:: Given data ::
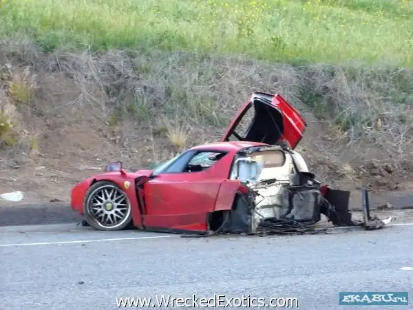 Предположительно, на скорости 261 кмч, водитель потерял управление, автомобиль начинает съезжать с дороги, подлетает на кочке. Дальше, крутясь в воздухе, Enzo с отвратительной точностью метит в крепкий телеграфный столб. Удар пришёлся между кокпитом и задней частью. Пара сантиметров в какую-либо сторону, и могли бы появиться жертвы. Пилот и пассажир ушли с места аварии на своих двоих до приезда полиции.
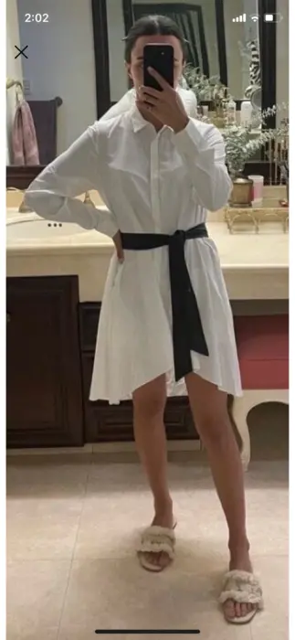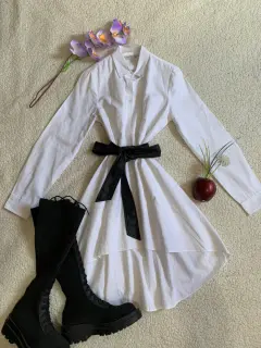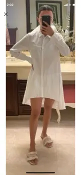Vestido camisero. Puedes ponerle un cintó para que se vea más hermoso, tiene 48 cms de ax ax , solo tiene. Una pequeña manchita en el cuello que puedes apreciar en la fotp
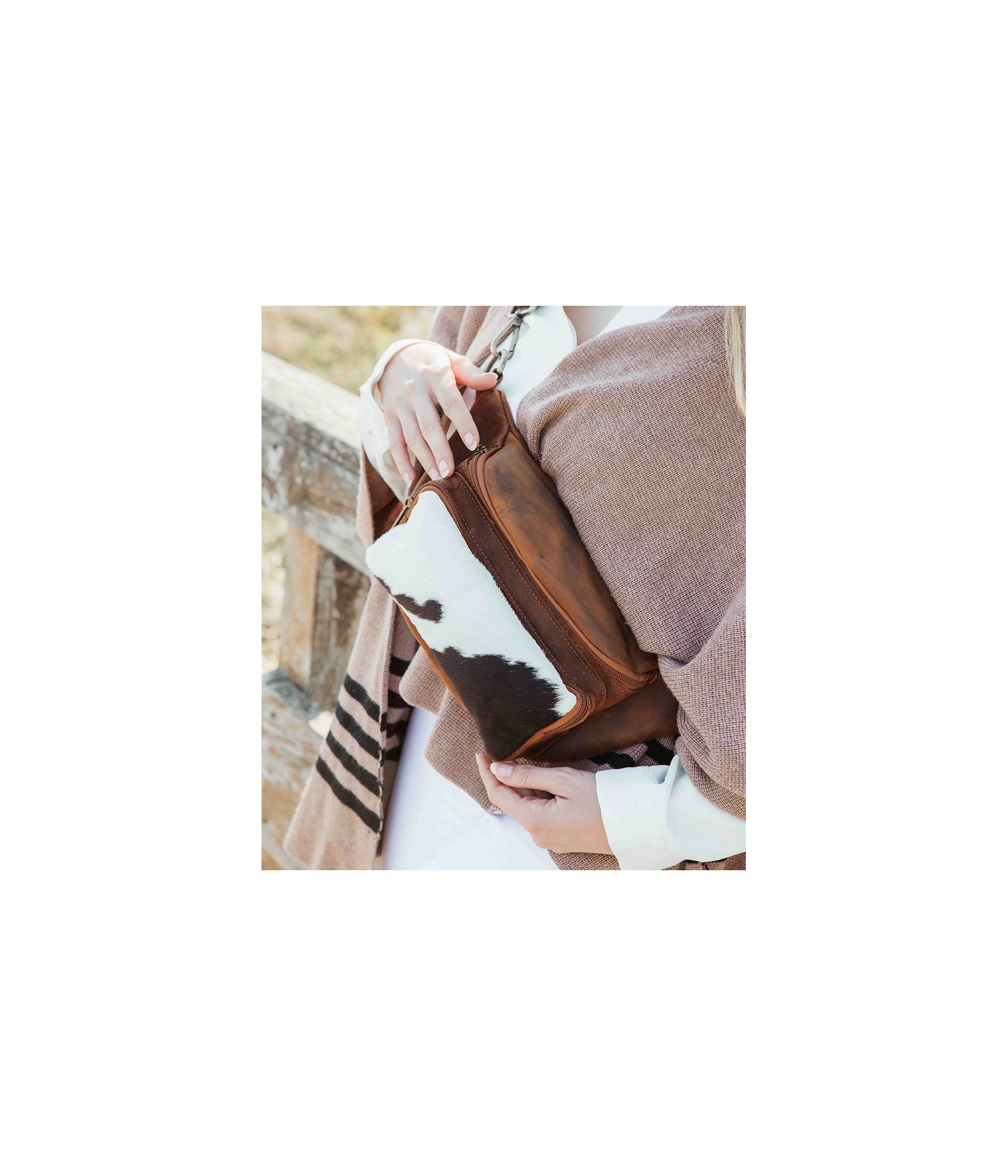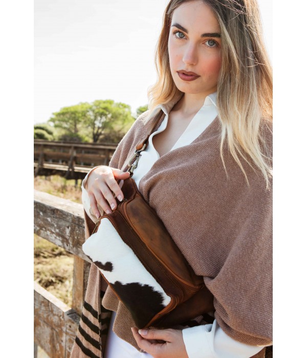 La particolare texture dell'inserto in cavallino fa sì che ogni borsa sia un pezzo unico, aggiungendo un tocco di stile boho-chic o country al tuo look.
...
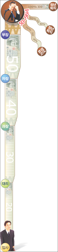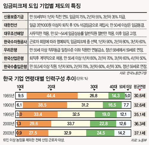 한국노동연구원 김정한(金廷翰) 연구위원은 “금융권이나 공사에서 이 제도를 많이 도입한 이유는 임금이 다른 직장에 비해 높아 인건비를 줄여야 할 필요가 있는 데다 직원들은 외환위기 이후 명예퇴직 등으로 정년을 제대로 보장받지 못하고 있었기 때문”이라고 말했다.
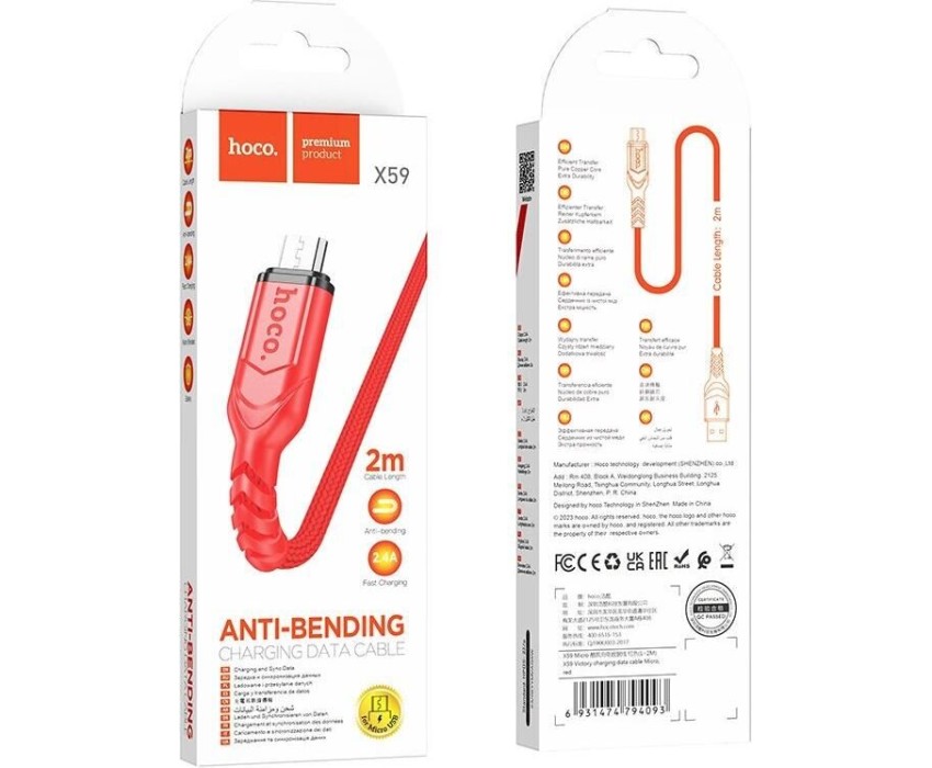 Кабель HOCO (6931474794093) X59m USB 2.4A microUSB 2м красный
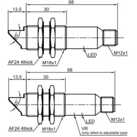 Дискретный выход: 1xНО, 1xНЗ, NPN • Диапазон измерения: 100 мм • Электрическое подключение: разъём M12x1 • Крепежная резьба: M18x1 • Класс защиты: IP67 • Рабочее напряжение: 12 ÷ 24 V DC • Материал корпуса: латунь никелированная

:: Task brief ::
Print nothing except the lines above from the one containing "한국노동연구원 김정한(金廷翰) 연구위원은" down to the one containing "Кабель HOCO (6931474794093)", both included, exactly as written and free of pictures.

:: Expected output ::
 한국노동연구원 김정한(金廷翰) 연구위원은 “금융권이나 공사에서 이 제도를 많이 도입한 이유는 임금이 다른 직장에 비해 높아 인건비를 줄여야 할 필요가 있는 데다 직원들은 외환위기 이후 명예퇴직 등으로 정년을 제대로 보장받지 못하고 있었기 때문”이라고 말했다.
 Кабель HOCO (6931474794093) X59m USB 2.4A microUSB 2м красный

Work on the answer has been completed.